Taleb discusses how in the modern world increasing technological knowledge is making things a lot more unpredictable. This is the same conclusion if we look back to cybernetics and the work of Norbert Wiener. Although Taleb is casually dismissive of Wiener he misses the point that they are both talking to the increasing entropy embedded within increasing complexity. As Wiener discusses, the more links that are present in the chain of communication the greater the entropy of the system will be. Then the order we think the modern world gives is illusory as the entropy is increasing. As the randomness of events that occur is increasing, the predictability of future events becomes even less certain. This is an obvious point when you work it through as each additional interaction or node in the network of connection increases the complexity exponentially.

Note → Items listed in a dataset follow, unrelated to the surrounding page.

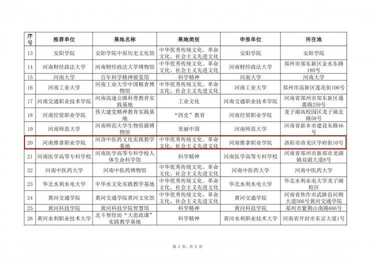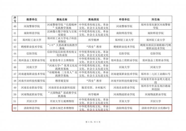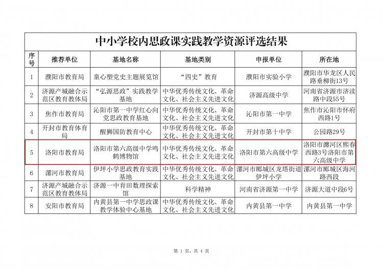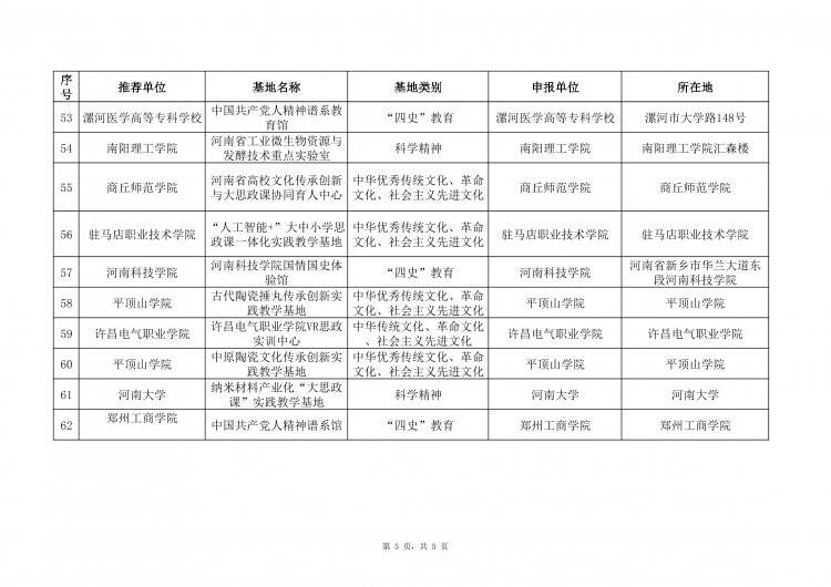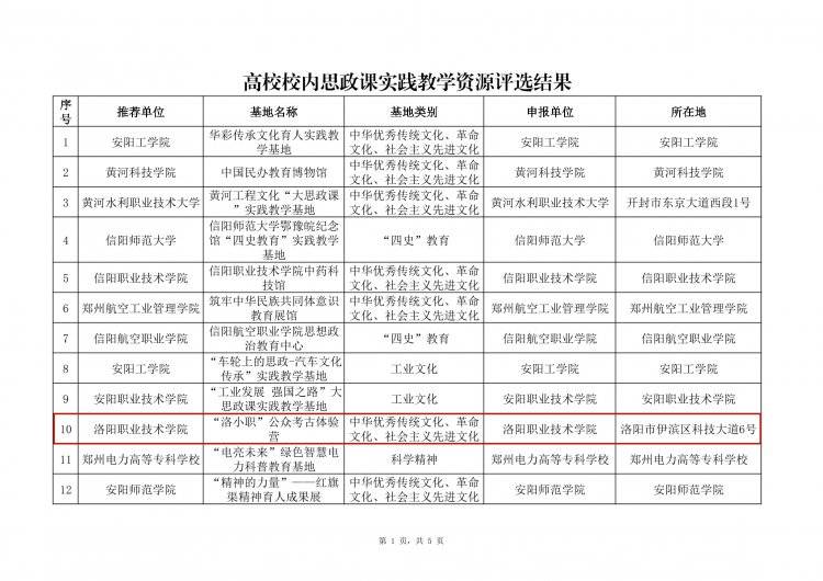根据《中共河南省委宣传部 中共河南省委教育工委 河南省教育厅关于征集优秀“大思政课”实践教学基地建设案例的通知》(豫教工委〔2024〕240 号)精神,经单位申报、资格审查、专家评审、综合评议等环节,评选出高校校内思政课实践教学资源62个、中小学校内思政课实践教学资源44个、校外思政课实践教学资源44个。现将评审结果予以公示。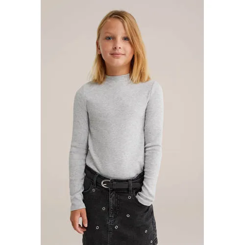 WE Fashion longsleeve rib gebreid grijs melange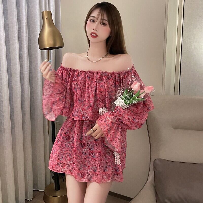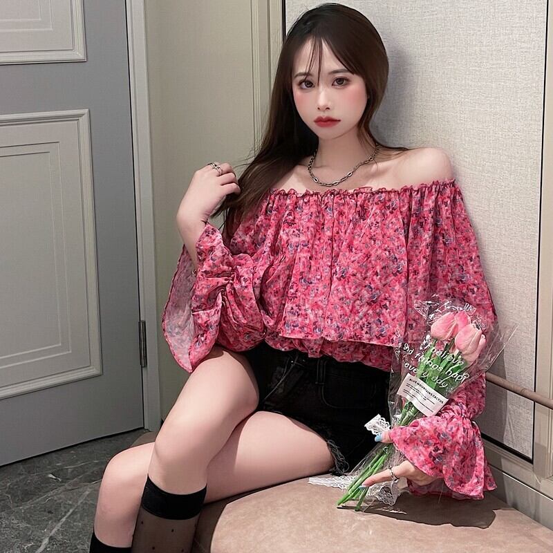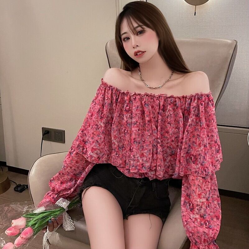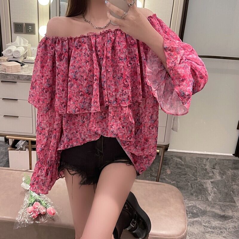 フローラルブラウス サマールーズシフォンシャツ ロング 夏物 花柄 オフショルダー YY-ファッション89918830615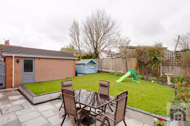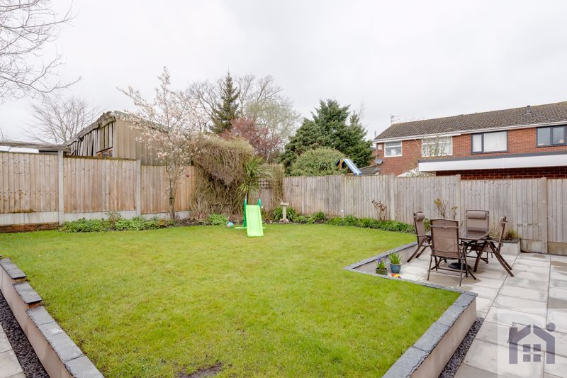 Outside the west facing garden is mainly laid to lawn bordered by mature shrubs and sun terrace.
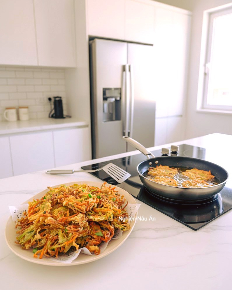 VÀO BẾP VỚI MÓN BÁNH RAU CỦ CHIÊN GIÒN ĐƠN GIẢN, NGON LÀNH, ĂN HOÀI KHÔNG NGÁN Nguyên liệu: - 1 củ cà rốt - 1/2 củ cải xanh (hoặc thay bằng su su) - 2 quả trứng gà - 1 nắm hành lá xắt nhỏ - 2 thìa bột bắp - 1 thìa bột mì - Gia vị: muối, hạt nêm Cách làm chi tiết: Sơ chế rau củ - Gọt vỏ cà rốt và củ cải xanh. - Bào sợi mỏng để khi chiên bánh nhanh chín và giòn hơn. - Rắc 1 ít muối, trộn đều rồi rửa lại cho sạch. - Bóp thật ráo nước để bánh không bị nhão. Trộn hỗn hợp bánh - Cho rau củ đã ráo vào bát. - Thêm trứng gà, bột mì, bột bắp. - Nêm 1 chút muối + hạt nêm và cho hành lá vào. - Trộn đều đến khi hỗn hợp kết dính. Chiên bánh - Đun nóng dầu trong chảo. - Múc từng thìa hỗn hợp cho vào chiên, dàn nhẹ cho bánh mỏng để giòn hơn. - Chiên vàng đều hai mặt. - Vớt ra để ráo dầu. Thành phẩm: - Bánh vàng ruộm, giòn rụm bên ngoài mềm ngọt bên trong. - Vị rau củ tự nhiên hòa với trứng và bột tạo thành món ăn vặt cực cuốn. - Chấm tương ớt hoặc sốt mayonnaise đều ngon. Chúc cả nhà làm thành công mẻ bánh rau củ chiên giòn thơm ngon này nhé. #nghiennauan #nghiennauannhalam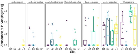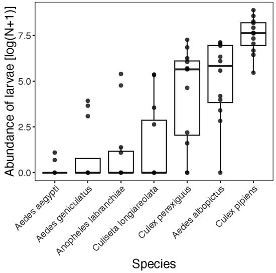 - Shittu, R.A.; Thomas, S.M.; Roiz, D.; Ruiz, S.; Figuerola, J.; Beierkuhnlein, C. Modeling the effects of species associations and abiotic parameters on the abundance of mosquito species in a Mediterranean wetland. Wetl. Ecol. Manag. 2024, 32, 381–395. [Google Scholar] [CrossRef]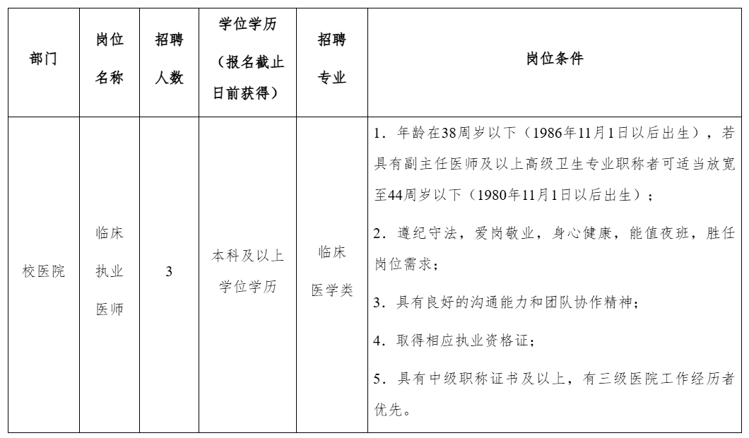 擬公開招聘醫(yī)務工作人員3名,具體崗位及相關條件要求詳見下表: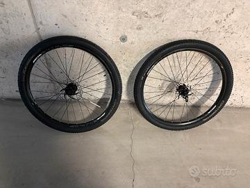 Vendo coppia di cerchi con copertoni e dischi già montati AttenIome ruota anteriore Tubeless mentre la ruota posteriore ha un leggero schiacciamento e ha la camera d’aria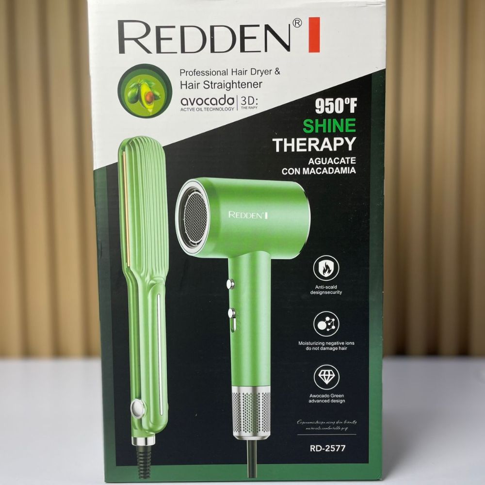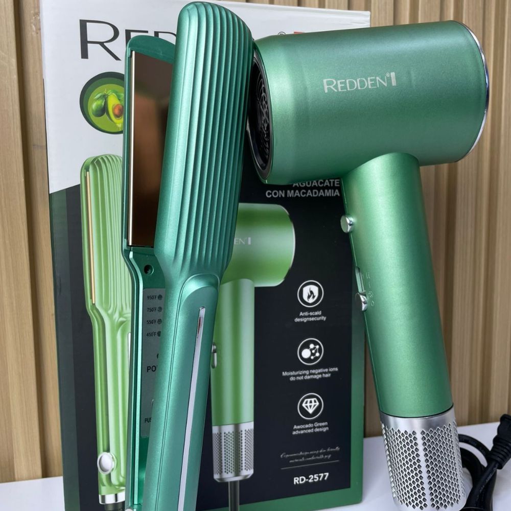 El combo modelo RD-2577 “Avocado 3D Shine Therapy” es un sistema integral de estilizado capilar que incluye un secador de cabello compacto de alta velocidad y una plancha alisadora de placas térmicas. Ambos dispositivos incorporan tecnología de tratamiento superficial con infusión de aguacate y macadamia, orientada a optimizar la distribución del calor, mejorar el brillo y reducir el frizz. El conjunto está diseñado para cubrir procesos completos de secado y alisado con control térmico y flujo de aire eficiente.

Taleb makes a claim about Neomania that does not sit well with security. The claim is that ‘what survives must be good at serving some purpose’. Well, no. This is not the case in security, and it is predicated on a similar assumption to the evolution argument Taleb makes. It is prone to the same type of flawed premise as survival of the fittest rather than the correct citation of survival of the most adaptable to change. We can point to many examples of security doctrine that are dicey.
Security has built itself out of false premises that are hostile to critique. Here we see the ingroup preference, the language of the tribe in play. Too many egos need to maintain the status quo, I am reminded of Maxwell and how he describes creating a dependence. And that dependence is on a limited set of ideas that create a tight boundary and surrounds itself with ignorance.
But if we follow Taleb down the path, are we led to an uncomfortable conclusion that the progress of the technological is that of the neomaniac and a path that leads to chaos. Are we in agreement with Theodore Kaczynski? Or perhaps we should embrace the creative destruction of Nietzsche and Marx?
Conclusion
Can the concept antifragility as described by Taleb be implemented? No, it can’t. Conceptually antifragility falls on its own sword, its criticism when turned back on itself means that it doesn’t stand. But it does something very well and that is acknowledge the chaotic nature of existence, and perhaps the chaotic nature of the reasoning here is to promote gains for the reader from the volatility of the author’s reasoning. I’m sure Taleb will have a big word for that, maybe meta-antifragility.
Can the constituent components of Antifragility be implemented? Yes, they can. And they have high utility. But this will stand against the fundamental tenants of current security thinking. It will be nothing less than a pitched battle. But let’s introduce some volatility!